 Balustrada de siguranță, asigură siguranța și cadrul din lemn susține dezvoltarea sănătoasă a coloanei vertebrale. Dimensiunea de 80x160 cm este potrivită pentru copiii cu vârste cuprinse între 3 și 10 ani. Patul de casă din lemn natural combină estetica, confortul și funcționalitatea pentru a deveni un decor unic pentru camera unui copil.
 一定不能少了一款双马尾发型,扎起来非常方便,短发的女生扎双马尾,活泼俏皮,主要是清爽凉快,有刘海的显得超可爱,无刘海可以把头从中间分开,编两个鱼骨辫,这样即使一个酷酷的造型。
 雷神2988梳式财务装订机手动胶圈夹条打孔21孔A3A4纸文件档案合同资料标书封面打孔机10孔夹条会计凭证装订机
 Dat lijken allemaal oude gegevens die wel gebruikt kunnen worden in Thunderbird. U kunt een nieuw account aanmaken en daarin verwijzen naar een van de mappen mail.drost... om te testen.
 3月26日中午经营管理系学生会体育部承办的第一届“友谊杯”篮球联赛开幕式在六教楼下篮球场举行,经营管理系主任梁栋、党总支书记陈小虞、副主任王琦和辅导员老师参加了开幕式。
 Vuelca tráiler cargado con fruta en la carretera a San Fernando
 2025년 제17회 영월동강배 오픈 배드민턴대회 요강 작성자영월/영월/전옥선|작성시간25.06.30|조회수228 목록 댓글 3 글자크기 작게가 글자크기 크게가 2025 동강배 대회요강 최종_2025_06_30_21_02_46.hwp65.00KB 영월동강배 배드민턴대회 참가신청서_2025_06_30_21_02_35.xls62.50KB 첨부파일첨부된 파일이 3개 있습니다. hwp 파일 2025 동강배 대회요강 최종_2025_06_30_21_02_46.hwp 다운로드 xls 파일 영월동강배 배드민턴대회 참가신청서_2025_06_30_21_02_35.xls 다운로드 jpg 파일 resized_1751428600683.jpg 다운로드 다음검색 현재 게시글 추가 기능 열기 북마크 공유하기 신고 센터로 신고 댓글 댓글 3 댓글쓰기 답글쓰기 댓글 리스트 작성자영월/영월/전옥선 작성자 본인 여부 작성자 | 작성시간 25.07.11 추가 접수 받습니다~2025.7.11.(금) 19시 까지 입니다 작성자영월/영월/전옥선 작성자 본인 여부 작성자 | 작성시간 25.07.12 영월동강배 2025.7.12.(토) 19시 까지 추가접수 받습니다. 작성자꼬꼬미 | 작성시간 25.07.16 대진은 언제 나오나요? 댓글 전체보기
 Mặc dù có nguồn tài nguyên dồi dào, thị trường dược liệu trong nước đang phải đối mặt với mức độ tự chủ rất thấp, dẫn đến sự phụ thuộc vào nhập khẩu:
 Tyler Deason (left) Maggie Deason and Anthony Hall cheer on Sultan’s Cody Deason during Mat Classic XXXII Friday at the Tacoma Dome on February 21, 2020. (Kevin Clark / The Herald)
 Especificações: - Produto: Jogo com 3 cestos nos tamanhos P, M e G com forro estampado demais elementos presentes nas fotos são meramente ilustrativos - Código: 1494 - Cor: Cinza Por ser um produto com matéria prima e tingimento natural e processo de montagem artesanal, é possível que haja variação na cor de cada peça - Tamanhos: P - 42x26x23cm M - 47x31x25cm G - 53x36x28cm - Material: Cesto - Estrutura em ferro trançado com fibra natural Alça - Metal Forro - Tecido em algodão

■ ■ ■

WHAT IS REQUIRED:
Would you restate the records word for word?

SOLUTION TO THE EXERCISE:
 Balustrada de siguranță, asigură siguranța și cadrul din lemn susține dezvoltarea sănătoasă a coloanei vertebrale. Dimensiunea de 80x160 cm este potrivită pentru copiii cu vârste cuprinse între 3 și 10 ani. Patul de casă din lemn natural combină estetica, confortul și funcționalitatea pentru a deveni un decor unic pentru camera unui copil.
 一定不能少了一款双马尾发型,扎起来非常方便,短发的女生扎双马尾,活泼俏皮,主要是清爽凉快,有刘海的显得超可爱,无刘海可以把头从中间分开,编两个鱼骨辫,这样即使一个酷酷的造型。
 雷神2988梳式财务装订机手动胶圈夹条打孔21孔A3A4纸文件档案合同资料标书封面打孔机10孔夹条会计凭证装订机
 Dat lijken allemaal oude gegevens die wel gebruikt kunnen worden in Thunderbird. U kunt een nieuw account aanmaken en daarin verwijzen naar een van de mappen mail.drost... om te testen.
 3月26日中午经营管理系学生会体育部承办的第一届“友谊杯”篮球联赛开幕式在六教楼下篮球场举行,经营管理系主任梁栋、党总支书记陈小虞、副主任王琦和辅导员老师参加了开幕式。
 Vuelca tráiler cargado con fruta en la carretera a San Fernando
 2025년 제17회 영월동강배 오픈 배드민턴대회 요강 작성자영월/영월/전옥선|작성시간25.06.30|조회수228 목록 댓글 3 글자크기 작게가 글자크기 크게가 2025 동강배 대회요강 최종_2025_06_30_21_02_46.hwp65.00KB 영월동강배 배드민턴대회 참가신청서_2025_06_30_21_02_35.xls62.50KB 첨부파일첨부된 파일이 3개 있습니다. hwp 파일 2025 동강배 대회요강 최종_2025_06_30_21_02_46.hwp 다운로드 xls 파일 영월동강배 배드민턴대회 참가신청서_2025_06_30_21_02_35.xls 다운로드 jpg 파일 resized_1751428600683.jpg 다운로드 다음검색 현재 게시글 추가 기능 열기 북마크 공유하기 신고 센터로 신고 댓글 댓글 3 댓글쓰기 답글쓰기 댓글 리스트 작성자영월/영월/전옥선 작성자 본인 여부 작성자 | 작성시간 25.07.11 추가 접수 받습니다~2025.7.11.(금) 19시 까지 입니다 작성자영월/영월/전옥선 작성자 본인 여부 작성자 | 작성시간 25.07.12 영월동강배 2025.7.12.(토) 19시 까지 추가접수 받습니다. 작성자꼬꼬미 | 작성시간 25.07.16 대진은 언제 나오나요? 댓글 전체보기
 Mặc dù có nguồn tài nguyên dồi dào, thị trường dược liệu trong nước đang phải đối mặt với mức độ tự chủ rất thấp, dẫn đến sự phụ thuộc vào nhập khẩu:
 Tyler Deason (left) Maggie Deason and Anthony Hall cheer on Sultan’s Cody Deason during Mat Classic XXXII Friday at the Tacoma Dome on February 21, 2020. (Kevin Clark / The Herald)
 Especificações: - Produto: Jogo com 3 cestos nos tamanhos P, M e G com forro estampado demais elementos presentes nas fotos são meramente ilustrativos - Código: 1494 - Cor: Cinza Por ser um produto com matéria prima e tingimento natural e processo de montagem artesanal, é possível que haja variação na cor de cada peça - Tamanhos: P - 42x26x23cm M - 47x31x25cm G - 53x36x28cm - Material: Cesto - Estrutura em ferro trançado com fibra natural Alça - Metal Forro - Tecido em algodão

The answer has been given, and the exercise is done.